The use of molecular self-assembly and electrospinning in the generation of ECM-mimetic biomaterials. Molecular self-assembly involves the spontaneous self-assembly of protein structures and is often used in the generation of nanoscale ECM-mimetic biomaterials. Similarly, electrospinning is used to generate fibrous nanoscale structures, also capable of mimicking the nature of the natural ECM.
Molecular self-assembly is a second type of nanofabrication gaining popularity as a result of it being naturally ubiquitous in biological systems, as well as its simplicity.56 This method for the synthesis of nanostructures is based around a spontaneous association of molecules under equilibrium conditions into structurally stable aggregates, and is used to fabricate novel, supramolecular architectures. Work on this method of nanofabrication has progressed considerably in the last three decades, and has shown that a variety of peptides can be designed to self-assemble into a monolayer on surfaces, allowing cells to adhere and respond appropriately.57, 58
Potential for the use of molecular self-assembly in generation of the nanoscale interface was highlighted in work by Zhang et al in 1999, where it was shown that self-assembly of oligopeptides containing cell adhesion motifs could be used to fabricate a range of surface patterns.59 These surface patterns could then be used to drive spatially regulated cell adhesion, a valuable feature in biomaterials where materials can be used as tools to help understanding of cell mechanisms. The function of these biomaterials is largely attributed to the presence of a C-terminal cysteine residue on the oligopeptide, which allows the peptide to covalently link to a bioinert gold-coated surface. Easy combination of a bioinert surface with oligopeptides capable of molecular self-assembly illustrates the vast potential for use of molecular-self-assembly in the generation of biocompatible nanoscale interfaces.

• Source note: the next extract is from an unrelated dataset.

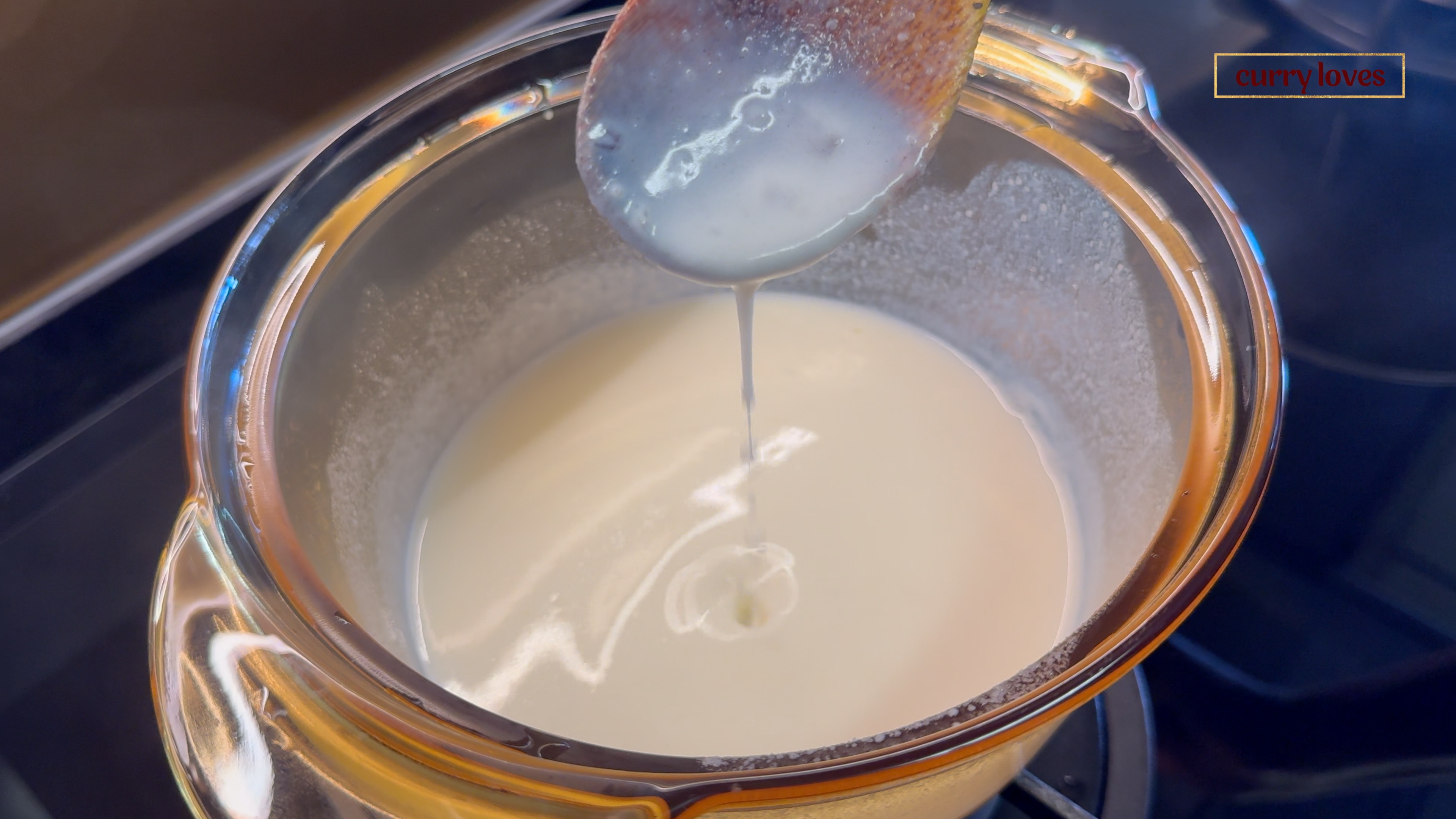 Add the prepared slurry to the pot and continue stirring until no lumps remain.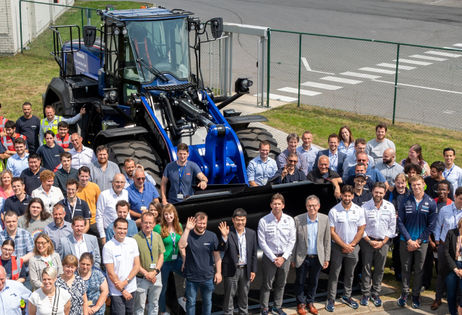 170 Komatsu employees turned out in force to welcome the team warmly to its site and to show them first-hand how Komatsu is creating value together with its partners in Europe. Commemorating the visit, Komatsu Europe International n.v. Managing Director and CEO, Mr Tadashi Maeda, and Chief Financial Officer, Michel Martens, presented James Vowles with a miniature PC1250 crawler excavator.

Further advances in molecular self-assembly have also shown that it is possible to use it for the production of small diameter nanofibers in the lowest end of the range of the natural ECM component collagen, a clear advantage over other nanofabrication techniques.60, 61 More recently, we have seen molecular self-assembly used similarly to aforementioned nanofabrication techniques, in that it is also being used in studies showing its capacity to regulate MSC fate with potential for use in orthopedics.62 Earlier this year, Aravamudhan et al published work showing that molecular self-assembly of collagen to form collagen nanofibers on a natural polymeric microporous structure could both enhance osteogenic differentiation of MSCs and enhance the biocompatibility of the biomaterial when subcutaneously implanted in mice.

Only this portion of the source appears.